Call me if you have any issues, that bypas and those pipes look A-OK for the application you are using it for.
Not trying to throw shade guys, but I wouldn’t listen to @Dred_pirate or @TheGratefulPhil on their suggestions.
A ball valve for tour bypass will work and will NOT void your warranty.
You just need to watch your pressure gauge in your MTA to ensure you do not exceed 45psi or so.
You really shouldn’t need too much pressure in your system, at all.
You are only rejecting 20 or so KW.
Your MTA has over 34KW cooling capacity.
You only need consistent heat rejection, not massive capacity.
MTA pumps have no issue with running on under sized lines. Their process pump motors are very reliable, and usually far overrated for their applications.
You would need to reduce your line diameter to meet the Huber diameter either way.
Running a main 1" line would be a good idea, but he is reducing down to the Huber inlet size regardless, causing flow restriction and back pressure.
And while MTA pumps are indeed robust the installation manual specifically calls out the need for a back pressure valve. All he’s got is a manual bypass which you could technically throttle once the flow reaches steady state but with the massive temperature fluctuations in OK (I.e. 72 this morning now in the high 90s) it’s not ideal.
Lol those are not massive temp fluctuations, especially for fluid systems.
35°f to 100°f would be massive.
Even then properly diluted glycol solutions wouldn’t have any issues overcompensating the expansion/contraction. Nor would the viscosity cause any damper on the process pump for the MTA.
MTA’s are workhorses. I’ve rarely ever had one have an issue.
Overengineering is cool. But financially unnecessary for alot of applications.
I don’t think that upgrading a manual bypass to a back pressure regulator and upsizing your PEX to the right size is overengineering—it’s just engineering.
Also—not a costly endeavor at all. A few hundred bucks tops.
My PE would also ream me if I just said “good enough, let’s just ignore what the manufacturer recommends”.
I also still wholeheartedly believe it would lead to premature equipment failure. Just one engineers opinion.
Edit: also you didn’t mean to throw shade but you so did—does it help that I’ve also designed piping for, and installed dozens of MTAs and Hubers in my tenure as an engineer? Or did my adherence to manufacturer recommendations (aka overengineering) disqualify me from providing engineering guidance to people.
Won’t lead to early failure, I’ve installed these like this numerous times, first one was in 2018, and that ones still running perfectly fine to this day.

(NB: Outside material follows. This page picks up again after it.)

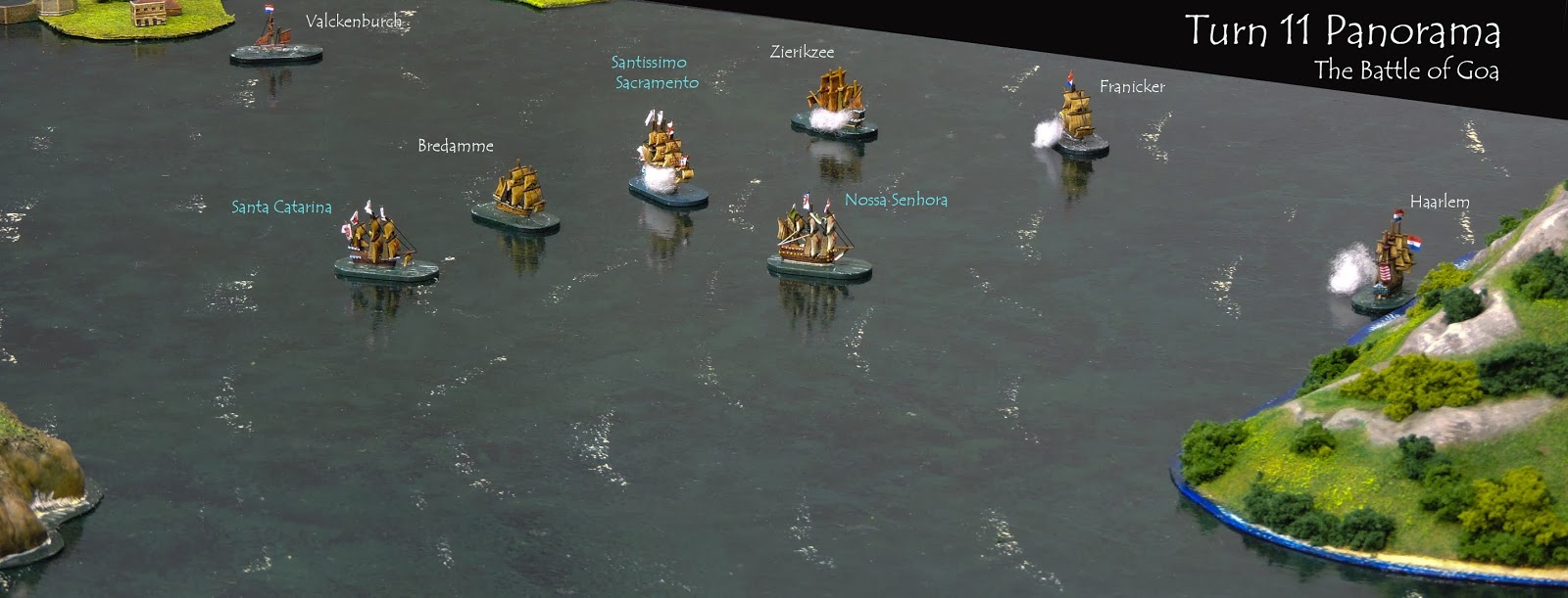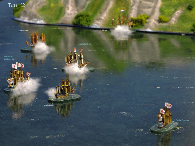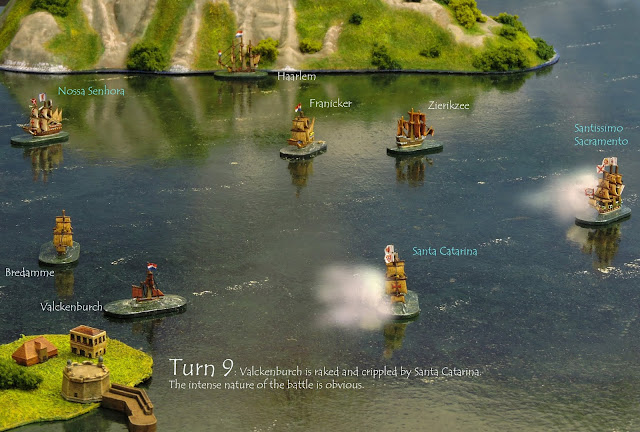 Several ships began a weaving dance of engaging with targets coming to bear and disappearing quickly during turns 7-10. Franicker received the attention of da Silva's flagship in a running fight during which she sustained considerable damage. Valckenburch was subjected to a bow rake which crippled her causing the little ship to continue to sail in a counter-clockwise circle for the remainder of the action.

MTA has overlooked numerous of my installed before, and I’ve had both Huber and MTA offer employment to me as a service tech
Over engineering is what engineers do best.
Engineers are almost NEVER good businessmen, lol, frugal is not in most engineers vocabulary.
No where in warranty underwriting does sit state the diameter of pipe must be a certain # lmfao.
Will work but is not ideal, a ball valve should never be used in a partially opened state, a needle valve is the correct choice and actually allows for fine tuning. what engineer would ever suggest a ball valve for a line that requires throttling?
It would be a lot wiser to insulate the supply AND the return.
Throttling a 1" line to 3/4"" is a lot different than reducing 1" to 1/2" I truly cant believe you would suggest leaving it like that. But since you have done it before it must be the right choice right?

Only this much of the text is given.